Problem to work on:
Exact copy, pictures excluded: write out every line below.

Extracted data:
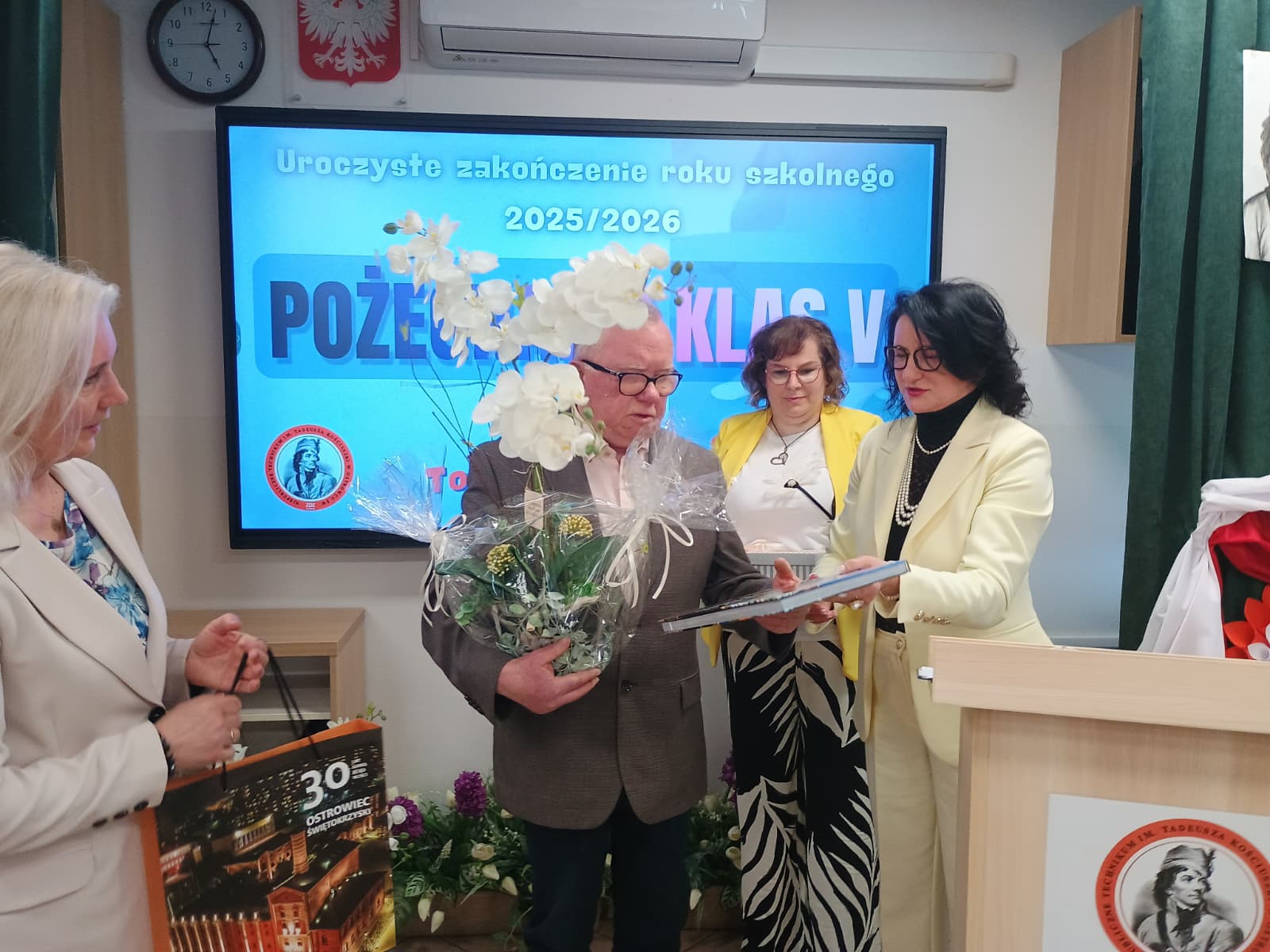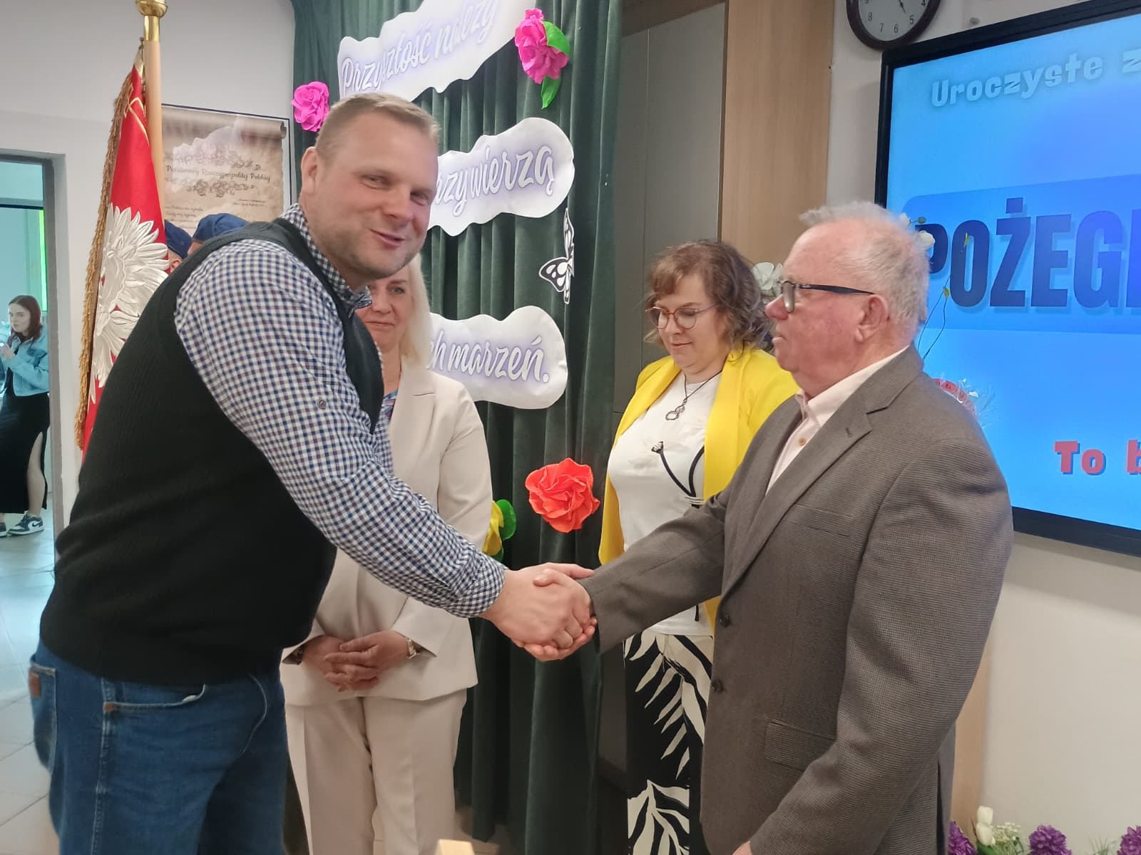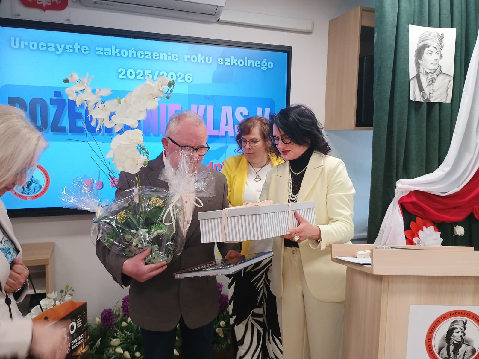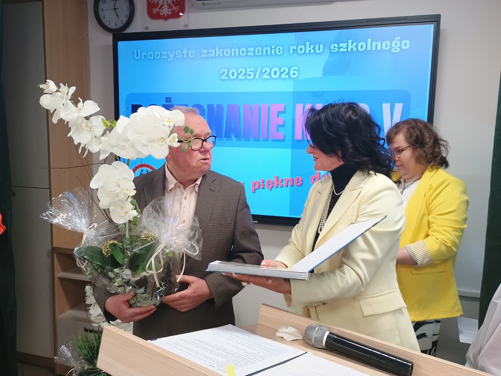 Podczas spotkania pożegnaliśmy również wieloletniego pedagoga – nauczyciela matematyki, pana Adama Konstantynowicza. Składamy serdeczne podziękowania za jego wkład w kształcenie i rozwój naszej młodzieży oraz życzymy dużo zdrowia, spokoju i pomyślności na kolejne lata.
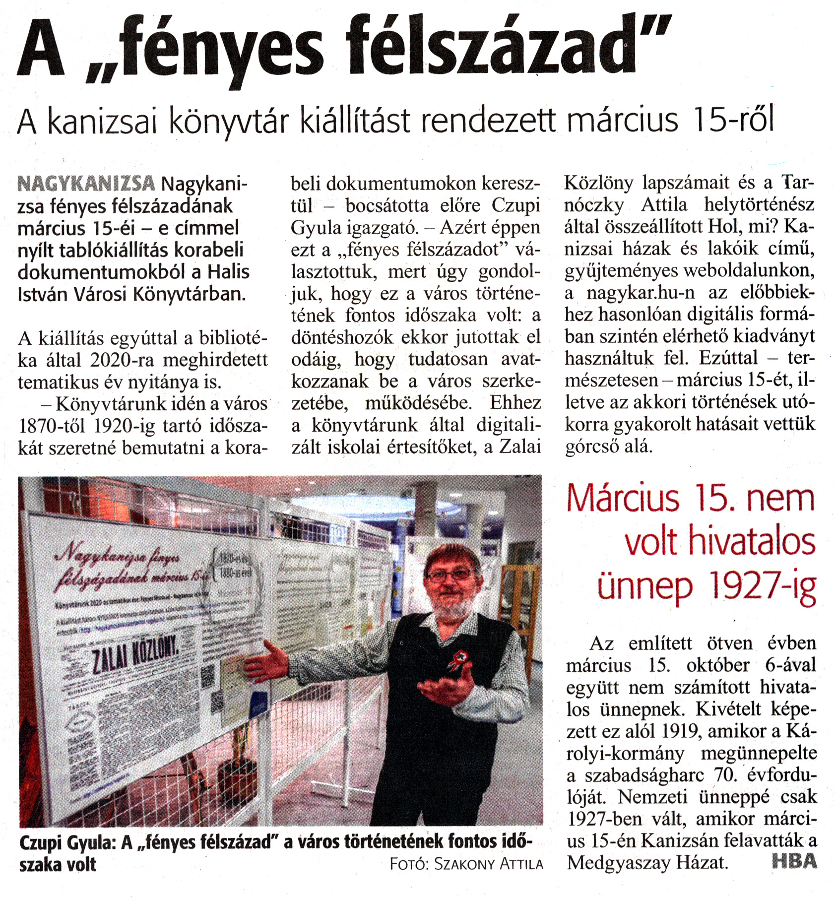 Nyilvános 1261 | 1945 | Zalai Hírlap 2020. március 14. 63. szám 7. oldal | A „fényes félszázad" A kanizsai könyvtár kiállítást rendezett március 15-ről NAGYKANIZSA Nagykanizsa fényes félszázadának március 15-éi - e címmel nyílt tablókiállítás korabeli dokumentumokból a Halis István Városi Könyvtárban. A kiállítás egyúttal a bibliotéka által 2020-ra meghirdetett tematikus év nyitánya is. - Könyvtárunk idén a város 1870-től 1920-ig tartó időszakát szeretné bemutatni a korabeli dokumentumokon keresztül - bocsátotta előre Czupi Gyula igazgató. - Azért éppen ezt a „fényes félszázadot" választottuk, mert úgy gondoljuk, hogy ez a város történetének fontos időszaka volt: a döntéshozók ekkor jutottak el odáig, hogy tudatosan avatkozzanak be a város szerkezetébe, működésébe. Ehhez a könyvtárunk által digitalizált iskolai értesítőket, a Zalai Közlöny lapszámait és a Tarnóczky Attila helytörténész által összeállított Hol, mi? Kanizsai házak és lakóik című, gyűjteményes weboldalunkon, a nagykar.hu-n az előbbiekhez hasonlóan digitális formában szintén elérhető kiadványt használtuk fel. Ezúttal - természetesen - március 15-ét, illetve az akkori történések utókorra gyakorolt hatásait vettük górcső alá. Az említett ötven évben március 15. október 6-ával együtt nem számított hivatalos ünnepnek. Kivételt képezett ez alól 1919, amikor a Károlyi-kormány megünnepelte a szabadságharc 70. évfordulóját. Nemzeti ünneppé csak 1927-ben vált, amikor március 15-én Kanizsán felavatták a Medgyaszay Házat. HBA Czupi Gyula: A „fényes félszázad" a város történetének fontos időszaka volt Fotó: Szakony Attila |
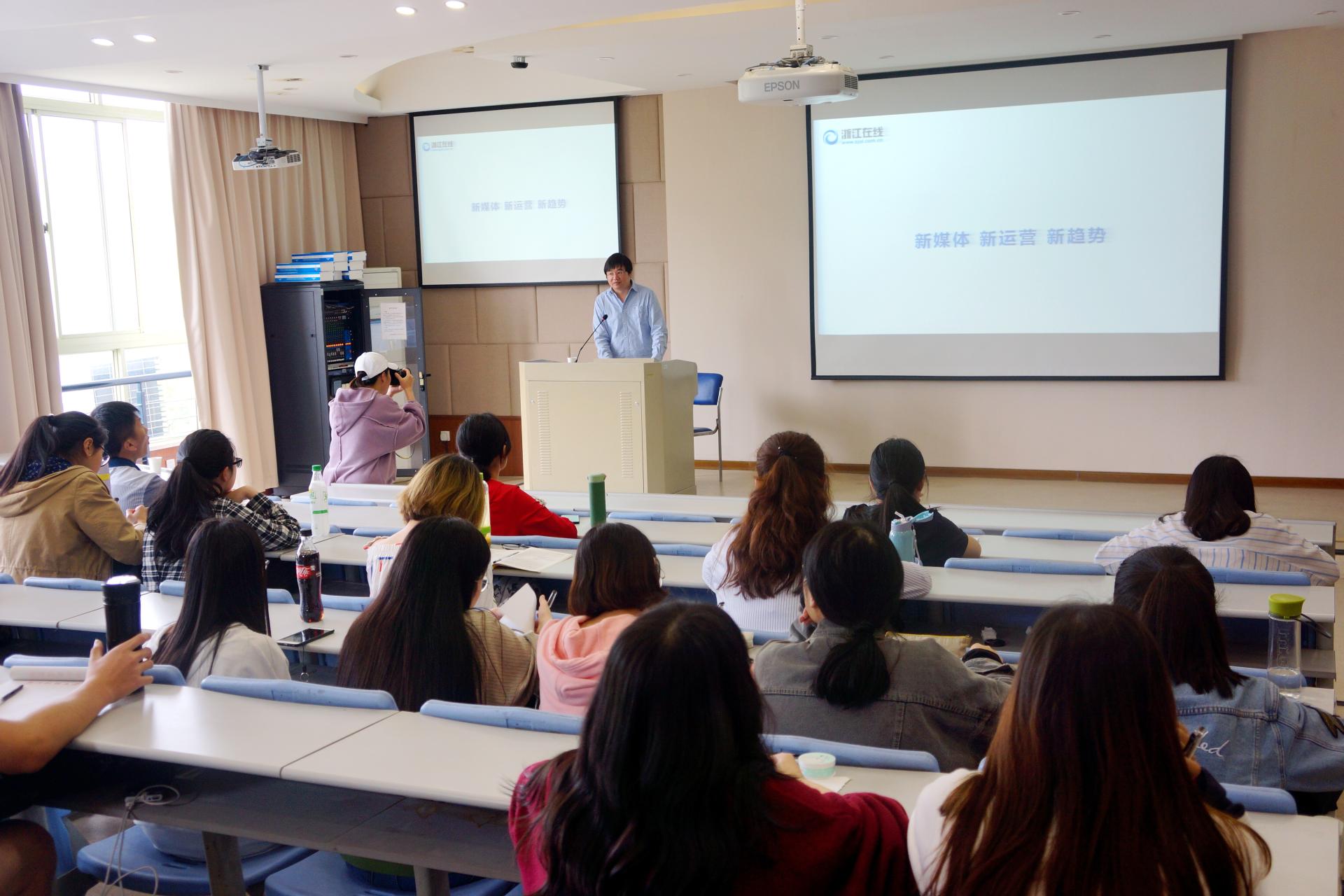 楼208教室作了题为“新媒体,新运营,新趋势”的报告。本次报告作为财经新闻专业 “基地精英进课堂”活动,由CBA直播
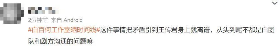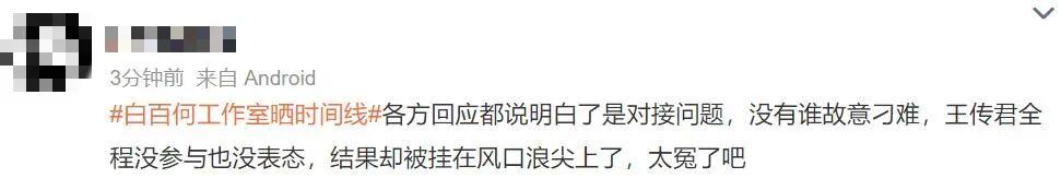 网络的评论则开始向着“两边都有错”,甚至“白百何故意引战”“白百何经纪人不作为”等方向发展。
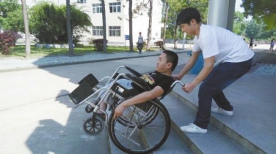 6月17日,阳光格外灿烂。早晨7:30,taptap点点宽阔的马路变得拥挤起来,学生们鱼贯而行赶往教室。人流中,有两位学生格外显眼:一位同学坐在轮椅上,另一位学生推着他,在人流裹挟中,缓慢前行。
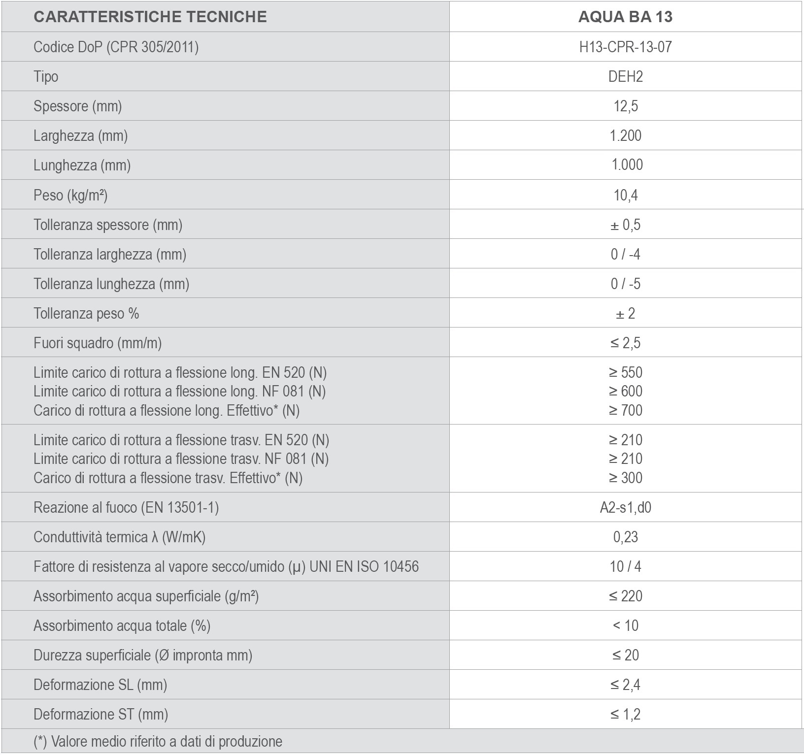 CARATTERISTICHE TECNICHE Le lastre Gypsotech AQUA, prodotte secondo la normativa EN 520, sono in classe europea di reazione al fuoco A2, s1 - d0.
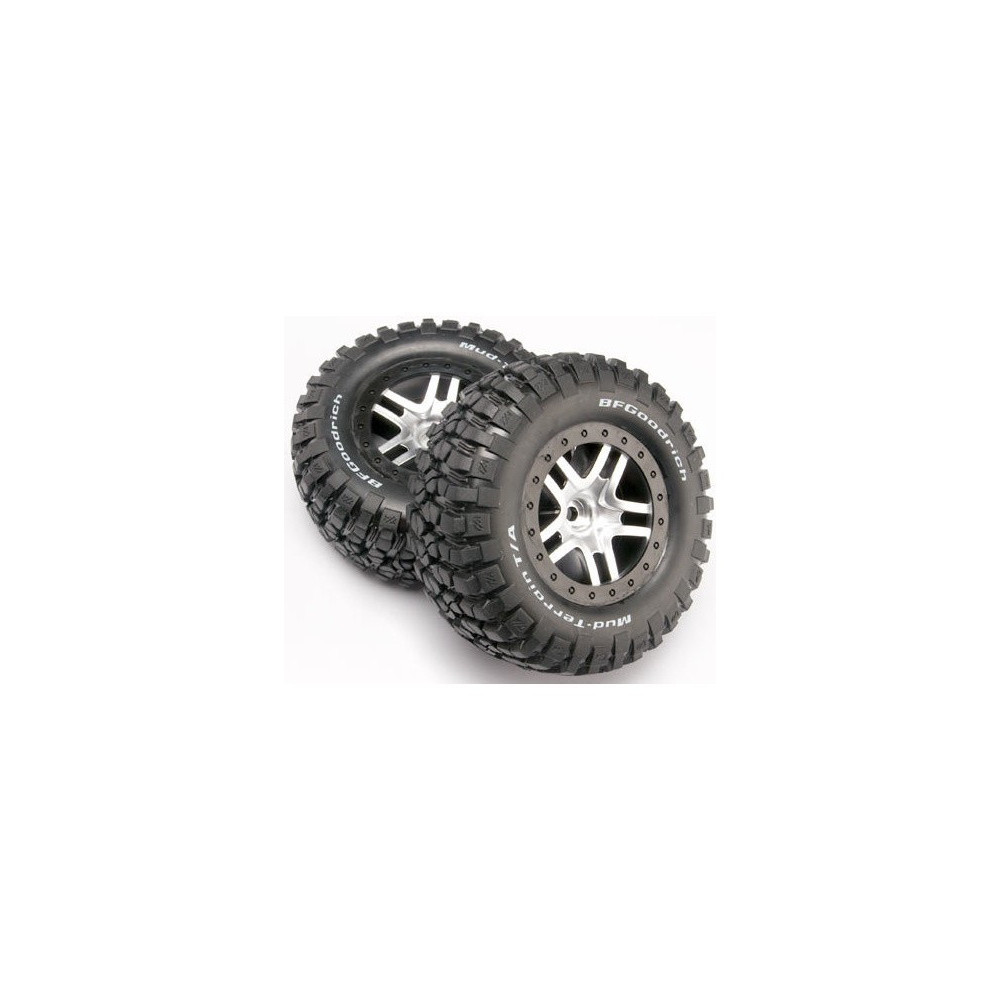 Komplett első kerekek a Traxxas Slash 2WD autókhoz. Fekete kerekek BFGoodrich® KM2 gumiabroncsokkal és betéttel.

Solution below:
 Podczas spotkania pożegnaliśmy również wieloletniego pedagoga – nauczyciela matematyki, pana Adama Konstantynowicza. Składamy serdeczne podziękowania za jego wkład w kształcenie i rozwój naszej młodzieży oraz życzymy dużo zdrowia, spokoju i pomyślności na kolejne lata.
 Nyilvános 1261 | 1945 | Zalai Hírlap 2020. március 14. 63. szám 7. oldal | A „fényes félszázad" A kanizsai könyvtár kiállítást rendezett március 15-ről NAGYKANIZSA Nagykanizsa fényes félszázadának március 15-éi - e címmel nyílt tablókiállítás korabeli dokumentumokból a Halis István Városi Könyvtárban. A kiállítás egyúttal a bibliotéka által 2020-ra meghirdetett tematikus év nyitánya is. - Könyvtárunk idén a város 1870-től 1920-ig tartó időszakát szeretné bemutatni a korabeli dokumentumokon keresztül - bocsátotta előre Czupi Gyula igazgató. - Azért éppen ezt a „fényes félszázadot" választottuk, mert úgy gondoljuk, hogy ez a város történetének fontos időszaka volt: a döntéshozók ekkor jutottak el odáig, hogy tudatosan avatkozzanak be a város szerkezetébe, működésébe. Ehhez a könyvtárunk által digitalizált iskolai értesítőket, a Zalai Közlöny lapszámait és a Tarnóczky Attila helytörténész által összeállított Hol, mi? Kanizsai házak és lakóik című, gyűjteményes weboldalunkon, a nagykar.hu-n az előbbiekhez hasonlóan digitális formában szintén elérhető kiadványt használtuk fel. Ezúttal - természetesen - március 15-ét, illetve az akkori történések utókorra gyakorolt hatásait vettük górcső alá. Az említett ötven évben március 15. október 6-ával együtt nem számított hivatalos ünnepnek. Kivételt képezett ez alól 1919, amikor a Károlyi-kormány megünnepelte a szabadságharc 70. évfordulóját. Nemzeti ünneppé csak 1927-ben vált, amikor március 15-én Kanizsán felavatták a Medgyaszay Házat. HBA Czupi Gyula: A „fényes félszázad" a város történetének fontos időszaka volt Fotó: Szakony Attila |
 楼208教室作了题为“新媒体,新运营,新趋势”的报告。本次报告作为财经新闻专业 “基地精英进课堂”活动,由CBA直播
 网络的评论则开始向着“两边都有错”,甚至“白百何故意引战”“白百何经纪人不作为”等方向发展。
 6月17日,阳光格外灿烂。早晨7:30,taptap点点宽阔的马路变得拥挤起来,学生们鱼贯而行赶往教室。人流中,有两位学生格外显眼:一位同学坐在轮椅上,另一位学生推着他,在人流裹挟中,缓慢前行。
 CARATTERISTICHE TECNICHE Le lastre Gypsotech AQUA, prodotte secondo la normativa EN 520, sono in classe europea di reazione al fuoco A2, s1 - d0.
 Komplett első kerekek a Traxxas Slash 2WD autókhoz. Fekete kerekek BFGoodrich® KM2 gumiabroncsokkal és betéttel.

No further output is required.